[PATCH 5.1 284/405] habanalabs: prevent CPU soft lockup on Palladium

From: Greg Kroah-Hartman
Date: Thu May 30 2019 - 00:48:57 EST


[ Upstream commit e850b89f50d2c1439f58d547b888ee6e43312dea ]

Unmapping ptes in the device MMU on Palladium can take a long time, which
can cause a kernel BUG of CPU soft lockup.

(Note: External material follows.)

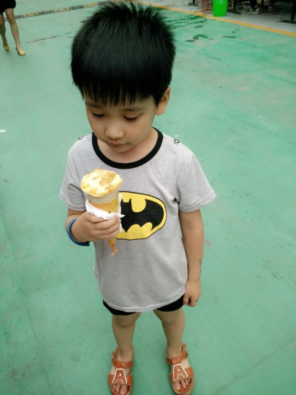 因为Aric是个比较喜欢问的孩子,所以他总是滔滔不绝的和老板聊着天,聊着披萨的制作。哥哥赶紧在后面捂住了Aric的嘴巴,就怕Aric打扰到了老板的制作。看的我是心惊胆战的,因为小孩子哪懂什么手劲啊,就看着介然捂着Aric嘴巴的同时,顺便连鼻子也一起捂了起来。刚开始Aric还觉得挺好玩的,时间久了就有点憋闷了赶紧拉开哥哥的手。当时我也没说介然什么,后来告诉介然,这样捂着很容易引起窒息,所以这样的小游戏以后最好不要玩了。就连Aric也在旁边郑重其事的告诉哥哥,当时他都快憋死了,很难受的。好在没有当时批评介然,事后说介然也不会太介意,而且很容易接受。 等手握披萨做好了,Aric高兴的拿在手里,说就像吃冰激凌一样。然后我们又找到了坐等在麻辣烫店的老妹。除了Aric自己吃着手握披萨,喝着梨汤,我们都在吃着麻辣烫。像老妹母子俩是经常吃的,我这么多年来还是第一次吃,很新奇,发现果然很好吃。不过回到家后还是被老公批评了一顿,这人就爱管着我吃,不能吃太辣的,不能吃路边摊,不能吃太凉的等等,呜呜,我这悲催的美食命运,被老公和Aric管的死死的。也因为今天有哥哥一起玩、一起吃饭,Aric的心情特别好,最重要的是没课想怎么玩就怎么玩,这可是孩子最期盼的,也是最喜欢的了。

This patch minimize the chances for this bug by sleeping a little between
unmapping ptes.

Signed-off-by: Oded Gabbay <oded.gabbay@xxxxxxxxx>
Signed-off-by: Sasha Levin <sashal@xxxxxxxxxx>
---
drivers/misc/habanalabs/memory.c | 11 +++++++++--
1 file changed, 9 insertions(+), 2 deletions(-)

diff --git a/drivers/misc/habanalabs/memory.c b/drivers/misc/habanalabs/memory.c
index ce1fda40a8b81..fadaf557603f5 100644
--- a/drivers/misc/habanalabs/memory.c
+++ b/drivers/misc/habanalabs/memory.c
@@ -1046,10 +1046,17 @@ static int unmap_device_va(struct hl_ctx *ctx, u64 vaddr)

mutex_lock(&ctx->mmu_lock);

- for (i = 0 ; i < phys_pg_pack->npages ; i++, next_vaddr += page_size)
+ for (i = 0 ; i < phys_pg_pack->npages ; i++, next_vaddr += page_size) {
if (hl_mmu_unmap(ctx, next_vaddr, page_size))
dev_warn_ratelimited(hdev->dev,
- "unmap failed for vaddr: 0x%llx\n", next_vaddr);
+ "unmap failed for vaddr: 0x%llx\n", next_vaddr);
+
+ /* unmapping on Palladium can be really long, so avoid a CPU
+ * soft lockup bug by sleeping a little between unmapping pages
+ */
+ if (hdev->pldm)
+ usleep_range(500, 1000);
+ }

hdev->asic_funcs->mmu_invalidate_cache(hdev, true);

--
2.20.1